Вначале пани Софья, ощутив пристальный взгляд Хмельницкого, смущенно
закуталась в шлафрок до самого подбородка, но потом, уже не стесняясь
гостя, обнажила свою белую, как мрамор, шею с питью жемчуга на груди.
- Пан Михайло может быть совершенно спокоен, его сын находится под
бдительным и заботливым присмотром самого гетмана. Правда, есть...
какие-то у юноши увлечения торговыми делами...

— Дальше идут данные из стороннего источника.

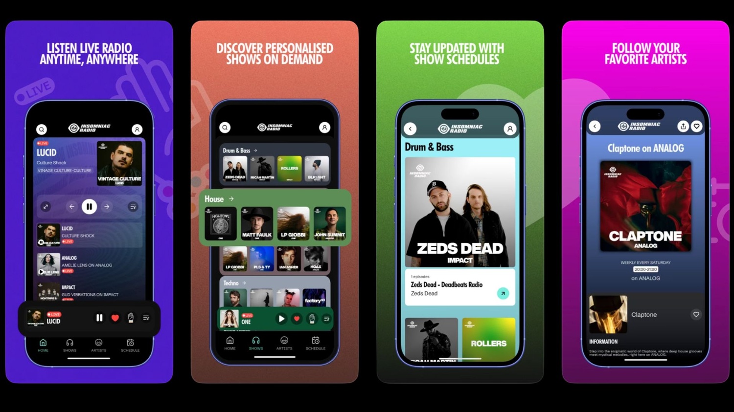 We oversee full-scope operations for Insomniac Radio, including programming, production, artist relations, scheduling, marketing, creative development, and live broadcast execution. Our team manages over 100 artist-led shows across four genre-specific channels and led the successful launch of their 24/7 standalone digital radio app.

- А что это за увлечения, прошу, прошу вас? Мне об этом ничего не
известно, - встревожился Хмельницкий.
- Да все это пустяки. С заслуживающим похвалы рвением юноша изучает
турецкий язык, беря уроки у турчанки, невольницы известного купца
Корнъякта или купеческого караванбаши пана Серебковича.
- У турчанки?
- А пан хотел бы воспитать из своего сына законоведа? Если невольница
достойная женщина... пусть обучает юношу языку. Папа считает, что
дипломату, имеющему дело с неверными, лучше всего обходиться без толмачей,
зачастую лживых, не сочувствующих политике нашего государства. А что
турчанка... Разве мало есть родовитых шляхтичей, которые считают для себя
блаженством греховное сближение с этим экзотическим... подобием женщины...
При этом Софья, заметно нервничая, встала с кресла, и шлафрок широко
распахнулся... Хмельницкому показалось, что она поспешно запахнула полы
его, выполняя лишь правила приличия. А нервничала Софья неспроста. Около
двух лет и ее муж держал в замке в Олеске молодую невольницу турчанку,
подаренную ему родным братом Николаем. Сколько усилий приложила пани
Софья, помогая этой несчастной "убежать" с молдавскими купцами... Об этой
турчанке кое-что знал и Хмельницкий.
- Стоит ли, уважаемая пани... Софушка, так нервничать из-за этого? -
отозвался он, тоже поднимаясь из-за стола.
Перед его глазами еще до сих пор стояла пани в легкой шелковой сорочке,
видневшейся из-под распахнутого шлафрока. Полная грудь натягивала тонкую
ткань, поднимаясь, как морские волны, - так учащенно дышала женщина.
Услыхав это ласковое, давно уже забытое имя, Софья обернулась к нему. У
нее в глазах заблестели огоньки... на лице заиграла благодарная улыбка.
Хмельницкий наклонил голову, смущенно пряча свой полный страсти взгляд, -
он готов был убежать отсюда как можно скорее...
- Софушка... Софушка!.. - почти шепотом произнесла хозяйка, приближаясь
к Хмельницкому. Ее руки робко поднимались вверх, словно она умоляла еще
раз повторить это ласковое обращение.
Однако подстароста в эту критическую минуту переборол себя.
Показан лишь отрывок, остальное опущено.